We’ve all done it. Had a shit talking session on the range geeking out over gear, or gone off the script when we should be getting our reps in. I know I’m guilty. I also know its not generally how I operate. I want to get my work in, and when I’m showing up to get my time in I’m steering towards those that are also focused. I don’t want to be that off topic guy when your trying to improve yourself and I appreciate training with guys that are doing the same.

There is truly very little of what I do in regards to training that isn’t dangerous. If I think this guy cant keep his muzzle in a safe direction, or my rolling partner is going to go a little too far too fast on the arm bar I simply can’t take that risk. The pain, the injury, the recovery time as I age, the missed training, no thank you. Control is a combination of skill, emotional stability, and mindfulness. Its something I look for, and something I strive to develop.

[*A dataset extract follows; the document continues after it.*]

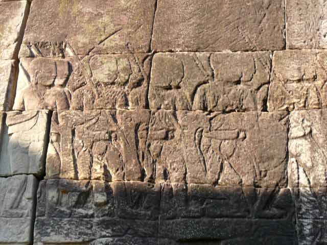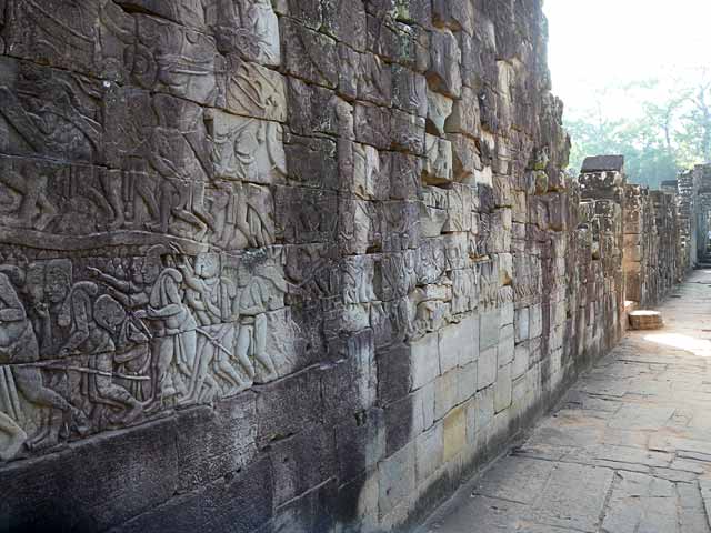 バイヨン寺院の外回廊は、東西160m X 南北140m 1周600m 高さ約3mです。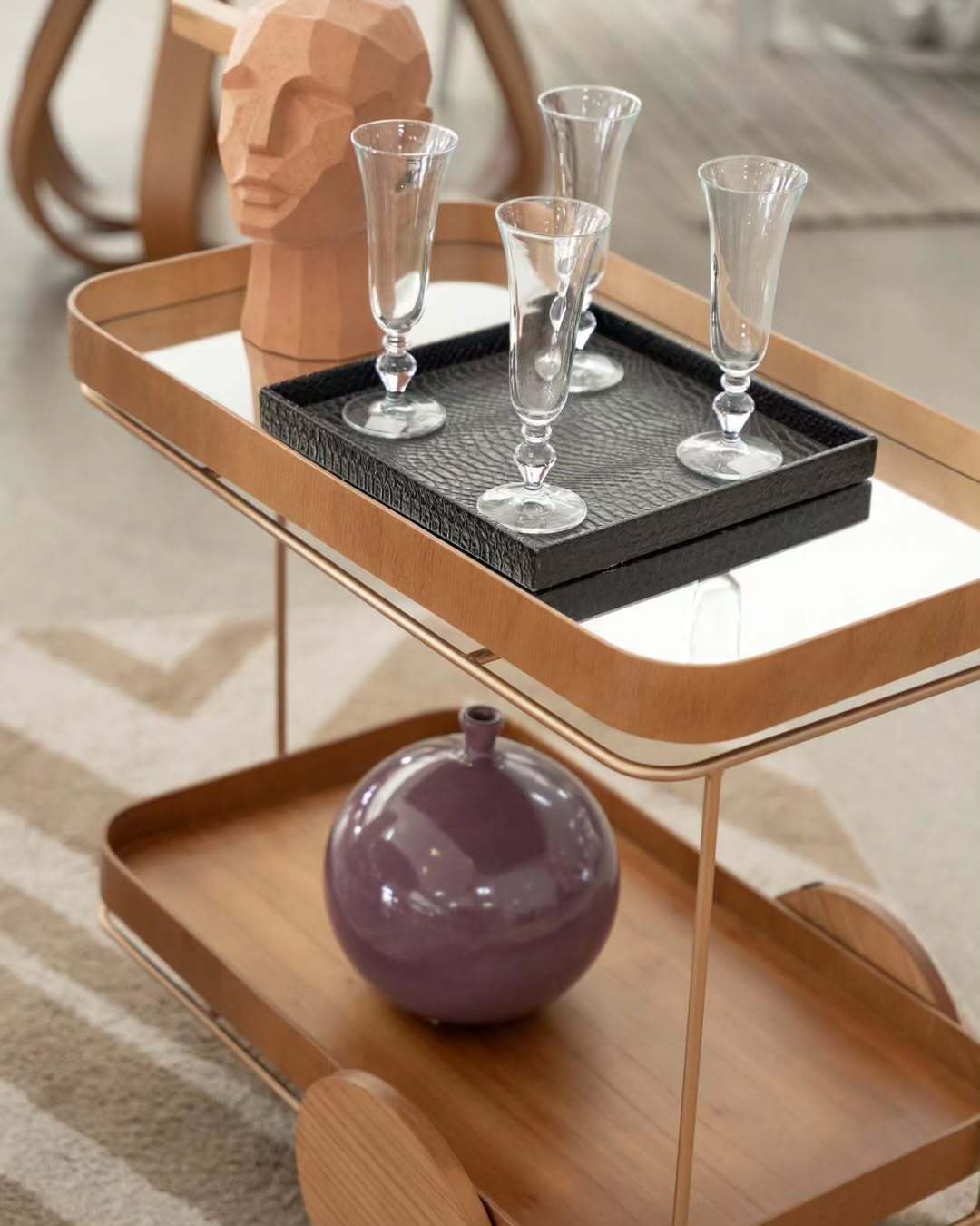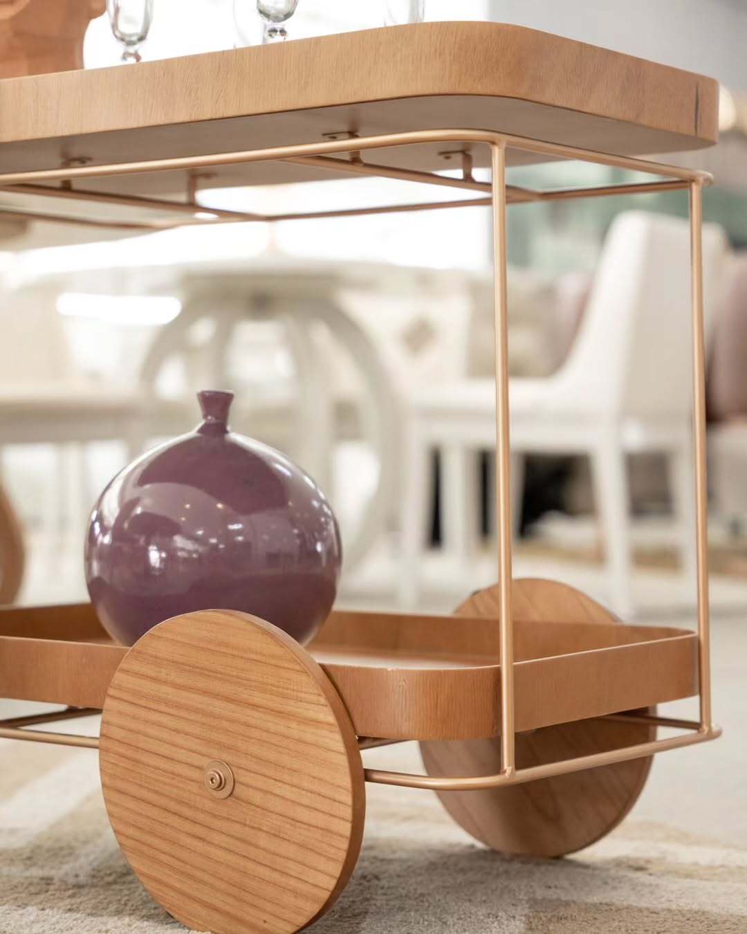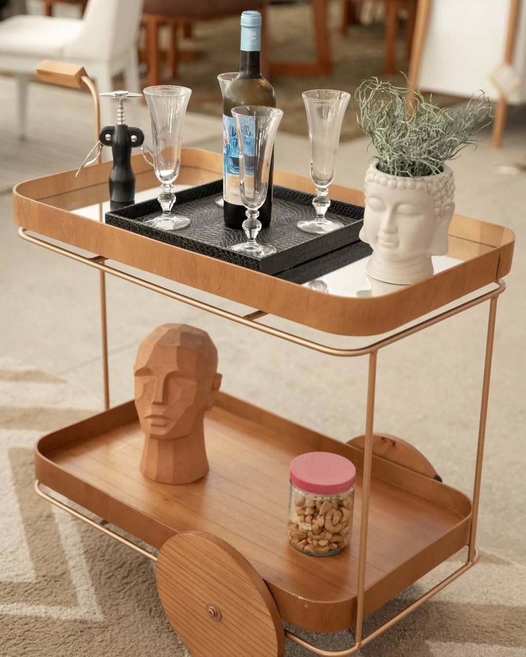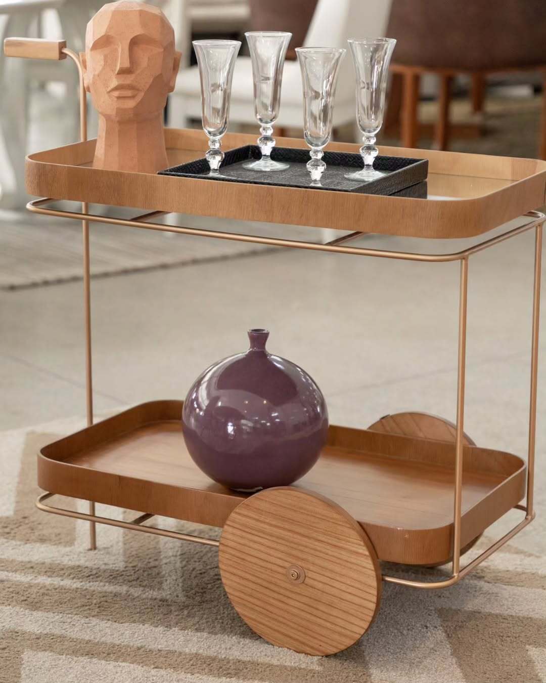 Carrinho Lennon em madeira maciça, com tampo em lâmina ou espelhado, ideal para chá ou bar com estilo e praticidade.

This is not all inclusive. There are several other factors worth discussing, perhaps another time. How do we train with new people, what about rolling with the ladies, when is it time to be selfish, and how do we train leading up to an event?

Interactive training means working on our interpersonal skills, it means building a community, a tribe, and that team can make all the difference when it comes time to perform.

Thank you for being a part of this journey with me. I’ll hold up my end.